Singer, songwriter and yodeller Wilf Carter – also known as Montana Slim or the Yodelling Cowboy – is recognized as “the father of Canadian country music.” He was Canada’s first country-music star and an enormous influence on generations of musicians.
Carter was born on December 18, 1904, in Port Hilford, Nova Scotia. Inspired at an early age by a yodeller who was passing through town, Carter began to practice and develop his own unique “three-in-one” or “echo” yodel. He worked a short stint in the lumber woods in West Leicester, Nova Scotia, and then drifted to the Alberta grain fields.
He began singing at the local dances and, in 1929, attended an audition at a Calgary radio station. Management doubted his ability and told him to return in another year.
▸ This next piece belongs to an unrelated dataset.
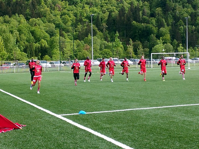 Par contre : coup dur : Bébé Kambou a pris un carton rouge à la 40ème minute pour faute à la limite de la surface de réparation. Les montcelliens jouent donc à 10.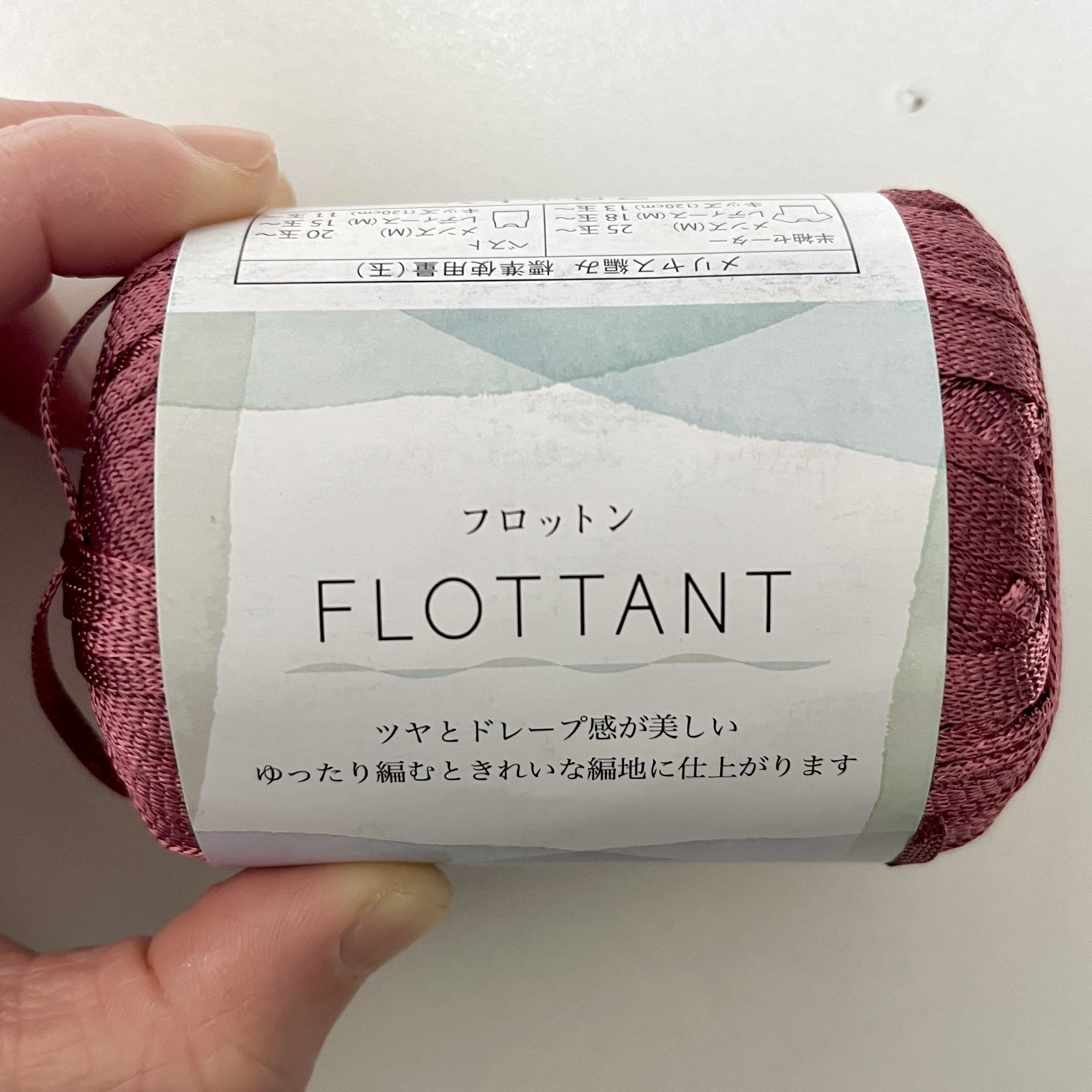 ツヤのある素材の毛糸(毛ではない気がしますが…)あったので、こちらで作ってみることに。

Determined to become a professional singer, Carter returned the following year, auditioned for another Calgary station and was hired to sing on their Friday night hoedowns, “The Old Timers.” Mail began to pour into the radio station from all over the Prairies.
One night, Carter was approached by an official of the Brewster Transport Company and invited to be part of the on-board entertainment for the Canadian Pacific Railway’s trail rides through the Rockies. For several years, Carter accompanied the trail riders on their summer packing trips. At night, they would sit around the campfire and listen to him tell stories, sing and yodel.
On one trip, Carter stopped in Montreal to audition for RCA. He sang two original compositions, “Swiss Moonlight Lullaby,” a yodeling tune, and a song about the capture of Albert Johnson, the mad trapper. Carter later contacted RCA and discovered they had produced his first 78 recording and were anxious to release it.
While on another trail ride, Carter was introduced to New York executives at NBC and CBS where, after 15 minutes of singing and yodelling, he was offered a contract to broadcast The Wilf Carter Show. Shortly afterward, a New York secretary who was typing the lyrics to his song, “A Cowboy’s High-Toned Dance,” asked him: “What name do I put on it?”
“Anyone’ll do,” Carter replied. The young woman thought for a moment and typed ‘Montana Slim.’ The name stuck, and to this day, it’s how Carter is still known to millions of Americans.
In 1937, Carter left New York and bought a ranch near Calgary. He appeared regularly on both American and Canadian network radio, but in 1940 he sustained a severe back injury in an automobile accident. Though he continued to record, he did not tour again until 1949. He sold the Calgary ranch and bought a 180-acre farm in New Jersey, resumed his CBS show and went back on the trail. In 1952, Carter moved his family to Orlando, Florida, where he opened the Wilf Carter Motor Lodge, only to close it two years later. Carter toured Australia in 1953.
He remained one of Canada’s most popular country entertainers through the 1960s, but as the years went by, he began limiting his appearances to about 20 per year. He was made Honourary Chief of the Stony Indian Tribe and an Honourary Citizen of both Winnipeg and Tennessee. Both Hank Snow and Johnny Cash interrupted their own performances to salute Carter as “a legend in his own time.”
Carter died in Scottsdale, Arizona, in 1996 at age 91.
Begins singing at Nova Scotia dances
Hired to sing aboard CP trail rides through the Rockies.
Moves to New York City in 1935, where he’s nicknamed Montana Slim.
Begins hosting The Wilf Carter Show on CBS country radio.
Tours with his daughters as “The Family Show with the Folks You Know”
Performs at the Calgary Stampede
Inducted into the Nashville Songwriters Hall of Fame
Tours “The Last Round-up” at age 86.